Source data
________________________________________
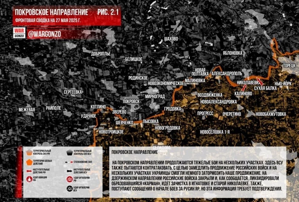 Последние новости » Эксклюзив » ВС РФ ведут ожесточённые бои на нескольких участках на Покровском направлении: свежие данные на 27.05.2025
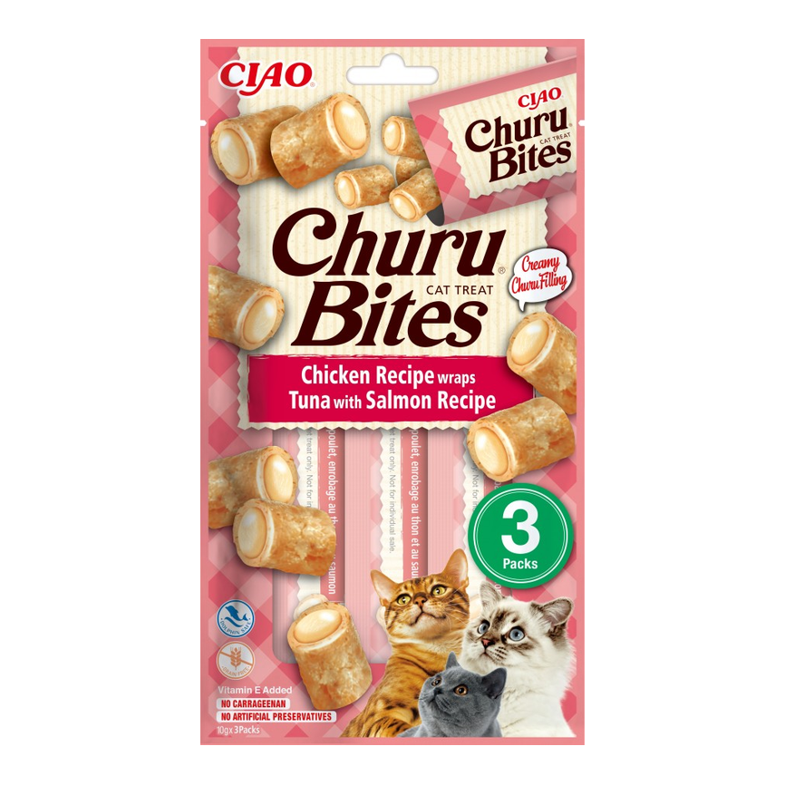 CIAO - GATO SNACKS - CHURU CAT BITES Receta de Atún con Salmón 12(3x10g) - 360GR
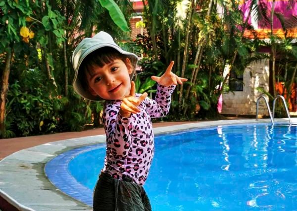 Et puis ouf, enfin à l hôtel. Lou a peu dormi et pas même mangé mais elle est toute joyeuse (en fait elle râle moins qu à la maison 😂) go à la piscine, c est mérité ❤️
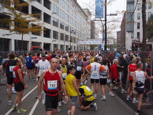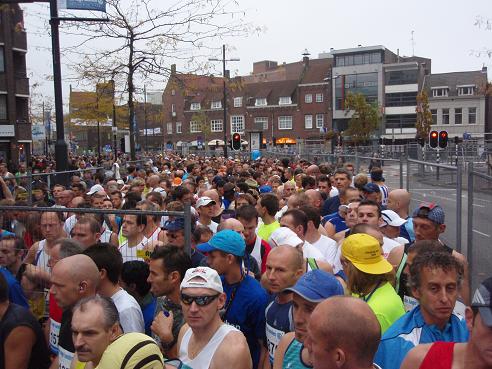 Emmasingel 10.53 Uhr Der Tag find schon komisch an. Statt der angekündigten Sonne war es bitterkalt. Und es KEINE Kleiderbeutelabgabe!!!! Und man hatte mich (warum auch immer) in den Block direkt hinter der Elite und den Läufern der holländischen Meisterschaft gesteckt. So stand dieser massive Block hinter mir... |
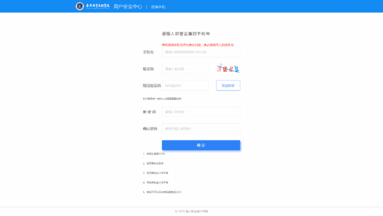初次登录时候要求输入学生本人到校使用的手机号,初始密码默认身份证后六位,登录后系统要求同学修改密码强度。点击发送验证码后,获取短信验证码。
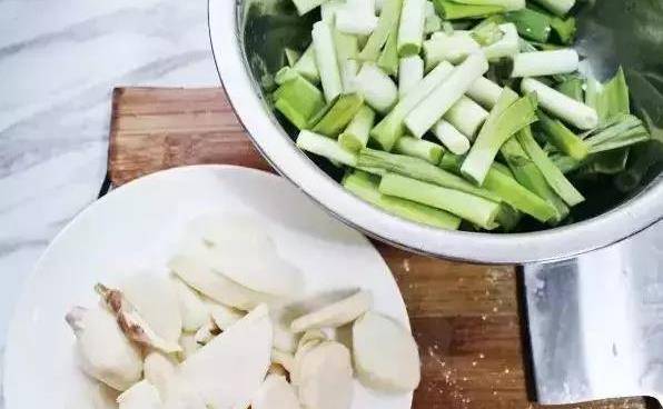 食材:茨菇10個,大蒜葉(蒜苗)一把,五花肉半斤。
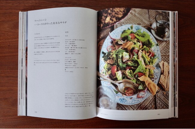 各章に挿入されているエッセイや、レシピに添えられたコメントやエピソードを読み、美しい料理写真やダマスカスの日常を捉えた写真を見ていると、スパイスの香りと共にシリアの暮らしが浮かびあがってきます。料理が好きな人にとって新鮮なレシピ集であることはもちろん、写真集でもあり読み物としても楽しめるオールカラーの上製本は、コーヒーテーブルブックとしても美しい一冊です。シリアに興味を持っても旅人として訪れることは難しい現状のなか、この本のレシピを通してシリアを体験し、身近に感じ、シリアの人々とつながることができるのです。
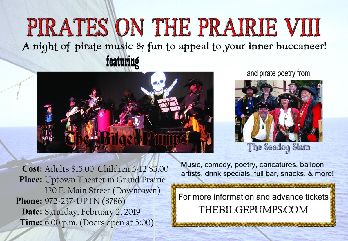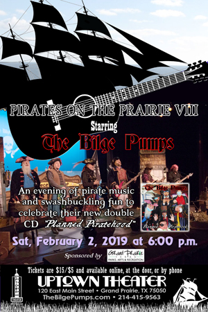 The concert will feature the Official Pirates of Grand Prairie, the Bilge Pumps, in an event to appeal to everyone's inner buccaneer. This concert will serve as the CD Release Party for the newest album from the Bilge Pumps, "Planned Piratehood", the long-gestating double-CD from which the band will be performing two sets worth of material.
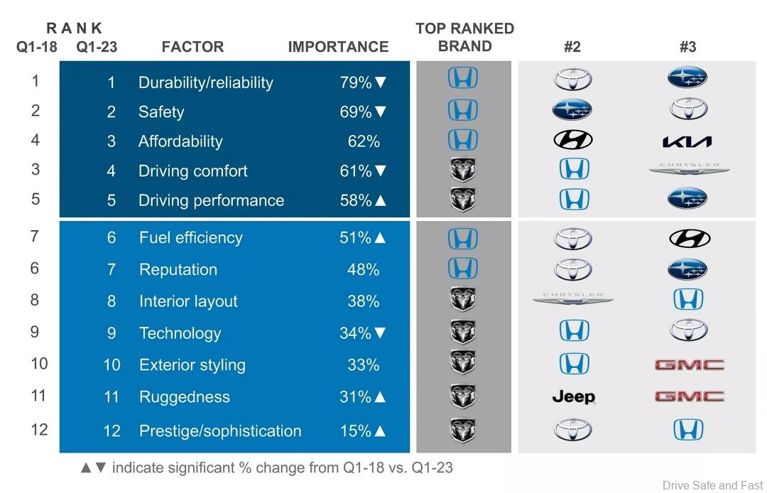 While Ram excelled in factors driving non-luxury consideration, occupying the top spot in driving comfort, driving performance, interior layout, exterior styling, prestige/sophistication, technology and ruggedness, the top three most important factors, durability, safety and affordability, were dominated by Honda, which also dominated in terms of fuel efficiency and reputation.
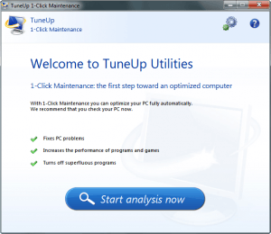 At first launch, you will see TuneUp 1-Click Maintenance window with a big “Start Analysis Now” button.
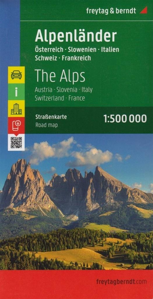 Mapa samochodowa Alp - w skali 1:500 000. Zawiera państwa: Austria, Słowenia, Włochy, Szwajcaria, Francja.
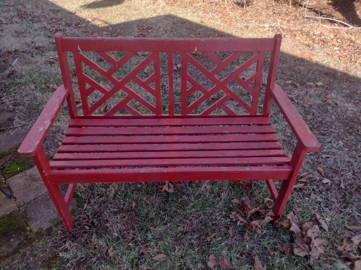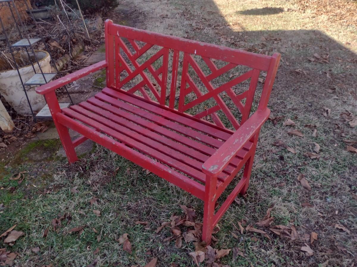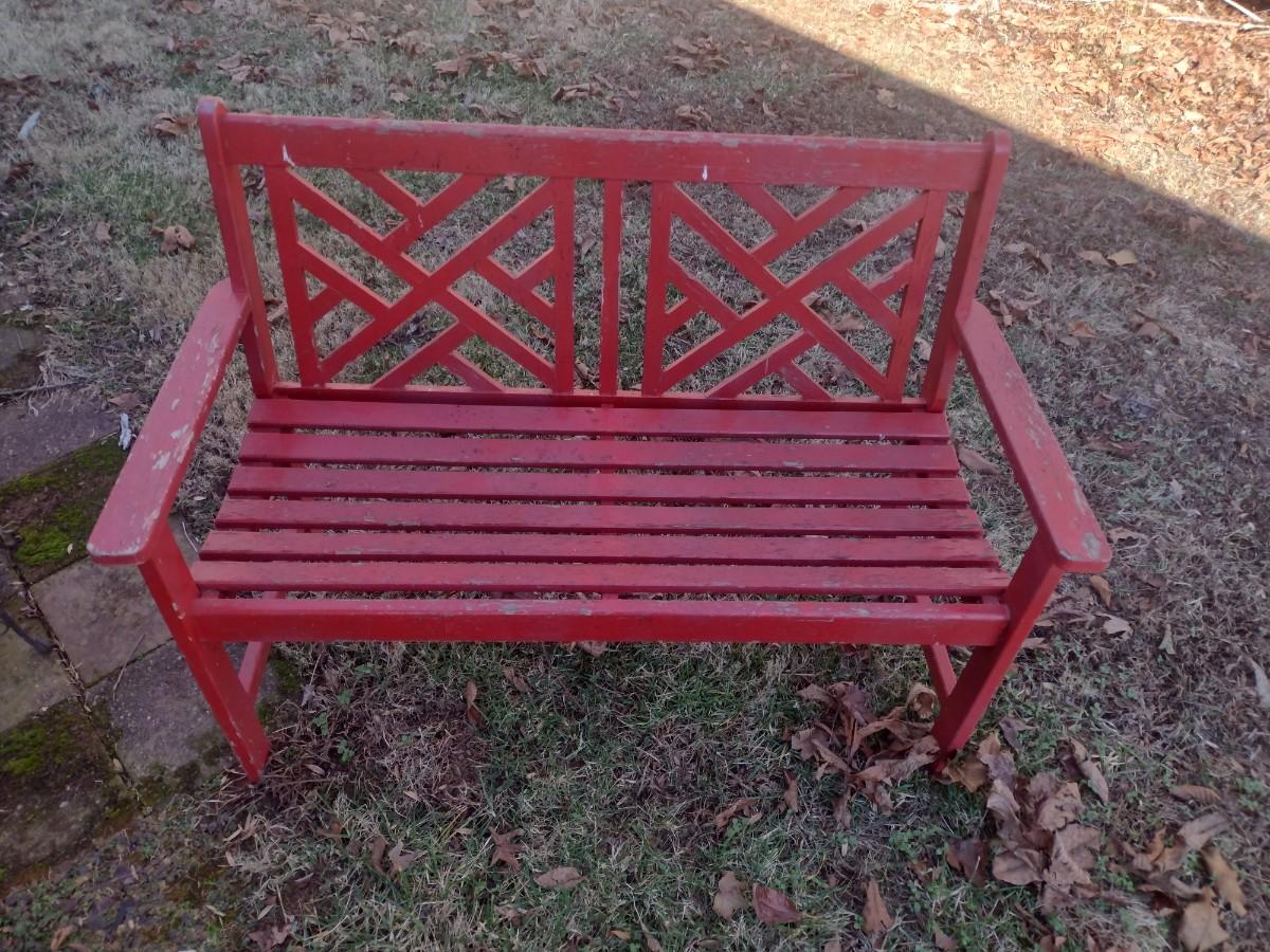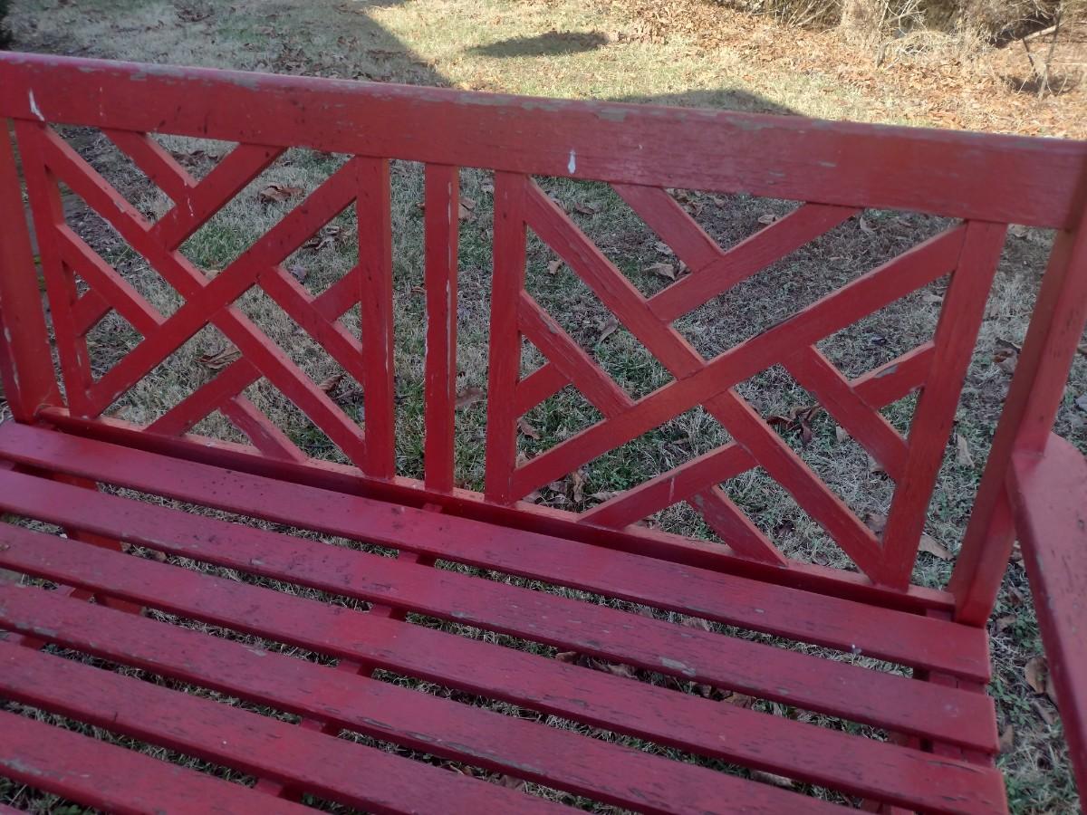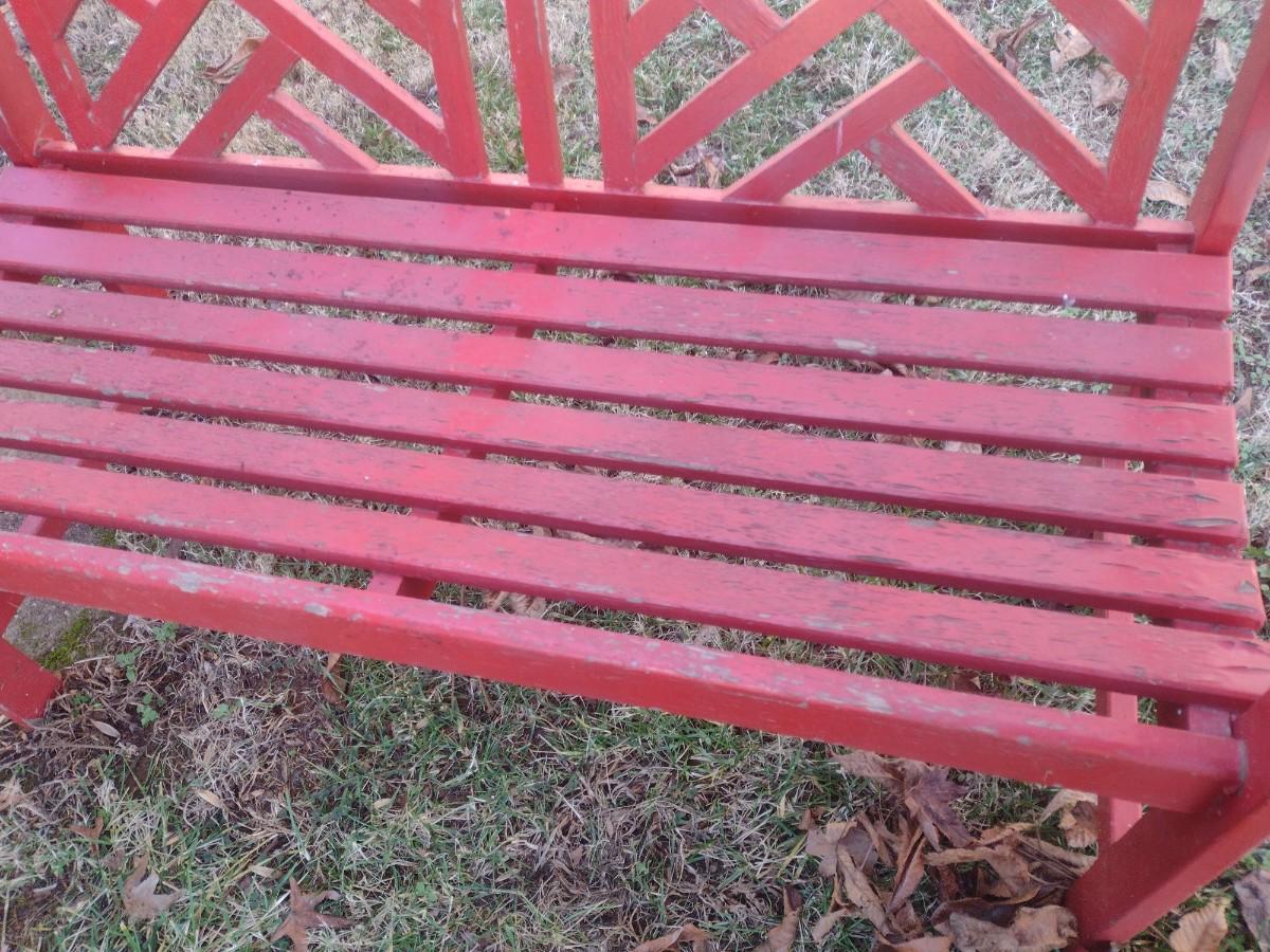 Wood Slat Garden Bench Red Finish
________________________________________
◆ WORK TO COMPLETE ◆
I would like you to set down the lines above, from the one containing "食材:茨菇10個,大蒜葉(蒜苗)一把,五花肉半斤。" to the final line, exactly as written and without pictures.

◆ TASK ANSWER ◆
 食材:茨菇10個,大蒜葉(蒜苗)一把,五花肉半斤。
 各章に挿入されているエッセイや、レシピに添えられたコメントやエピソードを読み、美しい料理写真やダマスカスの日常を捉えた写真を見ていると、スパイスの香りと共にシリアの暮らしが浮かびあがってきます。料理が好きな人にとって新鮮なレシピ集であることはもちろん、写真集でもあり読み物としても楽しめるオールカラーの上製本は、コーヒーテーブルブックとしても美しい一冊です。シリアに興味を持っても旅人として訪れることは難しい現状のなか、この本のレシピを通してシリアを体験し、身近に感じ、シリアの人々とつながることができるのです。
 The concert will feature the Official Pirates of Grand Prairie, the Bilge Pumps, in an event to appeal to everyone's inner buccaneer. This concert will serve as the CD Release Party for the newest album from the Bilge Pumps, "Planned Piratehood", the long-gestating double-CD from which the band will be performing two sets worth of material.
 While Ram excelled in factors driving non-luxury consideration, occupying the top spot in driving comfort, driving performance, interior layout, exterior styling, prestige/sophistication, technology and ruggedness, the top three most important factors, durability, safety and affordability, were dominated by Honda, which also dominated in terms of fuel efficiency and reputation.
 At first launch, you will see TuneUp 1-Click Maintenance window with a big “Start Analysis Now” button.
 Mapa samochodowa Alp - w skali 1:500 000. Zawiera państwa: Austria, Słowenia, Włochy, Szwajcaria, Francja.
 Wood Slat Garden Bench Red Finish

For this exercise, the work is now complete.